Recently, Sri Lanka’s government banned the slaughter of beef because cow slaughter offended Buddhists and, not incidentally, was a trade controlled by Muslims. State-sponsored majoritarianism is a kind of permanent revolution: every victory over a minority is the cue for the targeting of another minority. Pakistan is a cautionary tale: having purged nearly every Hindu and Sikh and ‘purified’ the country into an almost wholly Muslim nation, Bhutto and Zia then inaugurated the violent disciplining of heretical Muslim minorities. Notice also Prabodhanand’s oblique reference to the ‘they’ who ‘hung’ Hindus on the Delhi border.

Perhaps the most revealing thing about the invocation of Myanmar’s Rohingya genocide as exemplary is that these homicidal Hindutvavadis see Myanmar as a model despite the pariah, failed-State status of the regime. Myanmar’s junta and its complicit ‘liberal’ politicians like Aung San Suu Kyi have effectively destroyed Myanmar by pandering to the country’s insatiable majoritarian monks and a Buddhist majority drip-fed a diet of minority hatred. Having purged Muslims from Rakhine, the junta and its army have gone after Christians in states like Chin, Kayah and Kachin, arresting pastors, shelling churches, even occupying them as military encampments.

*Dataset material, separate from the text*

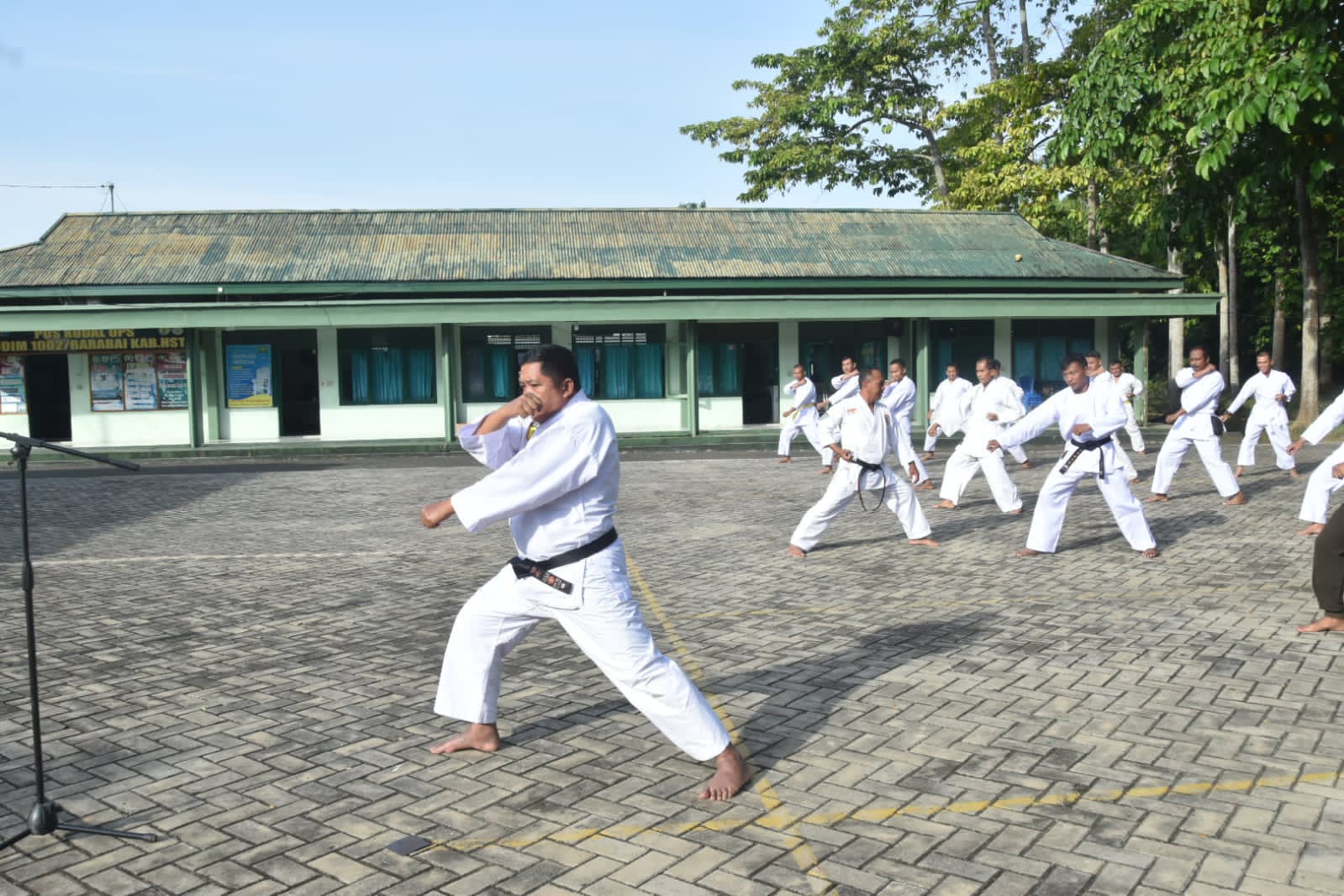Kegiatan latihan diawali dengan pemanasan, dilanjutkan dengan latihan teknik dasar karate, seperti kuda-kuda, pukulan, tangkisan, serta gerakan kombinasi yang dipandu oleh instruktur. Seluruh personel mengikuti latihan dengan penuh semangat dan disiplin, serta tetap mengutamakan faktor keamanan selama kegiatan berlangsung.
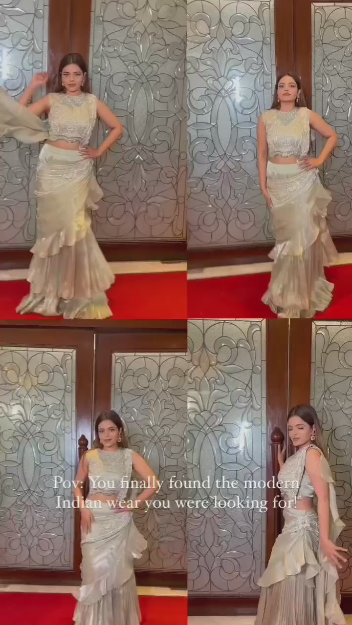 Gold Tissue lehenga with blouse and ruffled dupatta

That the likes of Prabodhanand see this political trajectory as desirable is a reminder of the derangement of the majoritarian project. The idea of genocide as a political goal reminds us that majoritarianism, like its fraternal twin, fascism, is a death cult. Puja Shakun Pandey aka Sadhvi Annapurna, another participant in the Haridwar hate-in, first urged her listeners to slaughter “20 lakhs of them” and then invoked Nathuram Godse, Gandhi’s assassin, as her inspiration. This is as close to satanism as an Indian political movement can get. Given Gandhi’s demi-divine status in the Republic’s origin story, valorizing Godse amounts to embracing Judas.

This is where we are nearly seventy-five years after Independence. The hate-in at Haridwar is a symptom, a sideshow. Prabodhanand and Pandey are a chorus for vigilante Hindutva’s real star, Adityanath, who himself is but a proxy for Modi. For seven years now, India has been treated to a politics that teeters between magic (demonetization) and mayhem (lynching). Now, on the eve of the elections in Uttar Pradesh, the robed outriders of Hindutva are calling for genocide. If there was ever a moment for India’s Opposition and its citizens to rally against this cult of death, it is now, in the run- up to this heartland election.